One option is to sign up for a single month and use that to take the necessary steps to improve your cloud configuration. If your infrastructure is stable month to month this is a simple and cheap way to revamp your setup. But if your infrastructure is constantly evolving you need a way to revisit your environment when necessary.
I spent some time looking at our AWS infrastructure last week and it turns out AWS provides an option to export a detailed billing report to S3 which is what the external vendors use to provide their recommendations. AWS offers a few reporting options but the most detailed one contains every resource and tag and in my case was over a million rows and nearly 500MB. There’s a wealth of information here and I wrote a small script to slice, dice, and visualize the data along a few dimensions to help provide some transparency into what is the biggest cost. The code is extremely simple since it’s just grouping and visualizing the data by different dimensions. The only real enhancement I made was to translate the OpsWorks tags into a layer dimension to make the visualization more useful. The two big things I still need to do are provide recommendations around reserved instance usage and do a better job of grouping the usage types since they’re too specific. As usual the code is up on GitHub and I’d love to hear any suggestions or feedback. Below are some graphs the script generates but note that I removed the axes labels to avoid revealing our costs and configuration.
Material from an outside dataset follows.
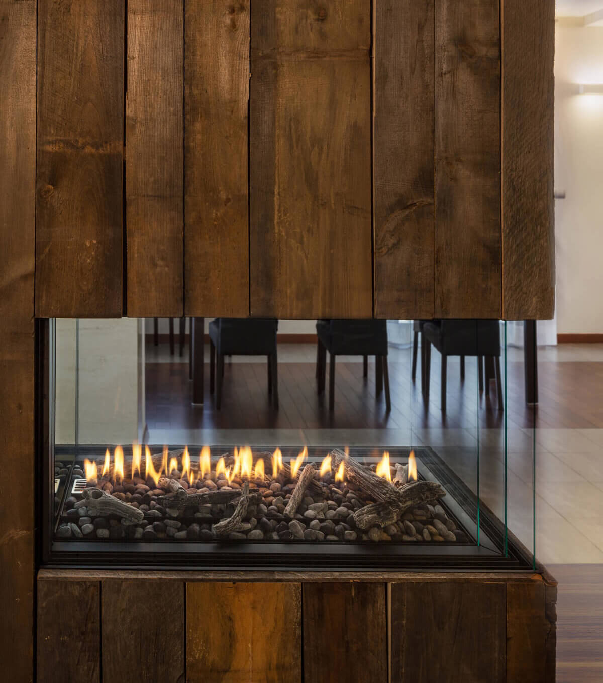 L’EXEMPLAR se caractérise par une zone d’observation paysagère généreuse et un brûleur linéaire. Des matériaux combustibles peuvent être installés sur la chambre de combustion sans dégagement pour un look épuré et minimaliste.

By product name. This shows every type of usage AWS has in the billing report. To deal with the long tail the script also generates a plot for the top 25 but one thing I need to do is a better job of grouping these - for example data transfer has different values depending on region and type and I want to consolidate them into a one in order to see total costs due to data transfer.
By layer and usage type. To me this is the most interesting one since it's looking at data for multiple dimensions - in this case layer and usage type. The goal here was to see which application/usage pairs result in the largest costs and allow me to prioritize investigation effort. Once again this will be more useful when I do a better job of grouping the usage types.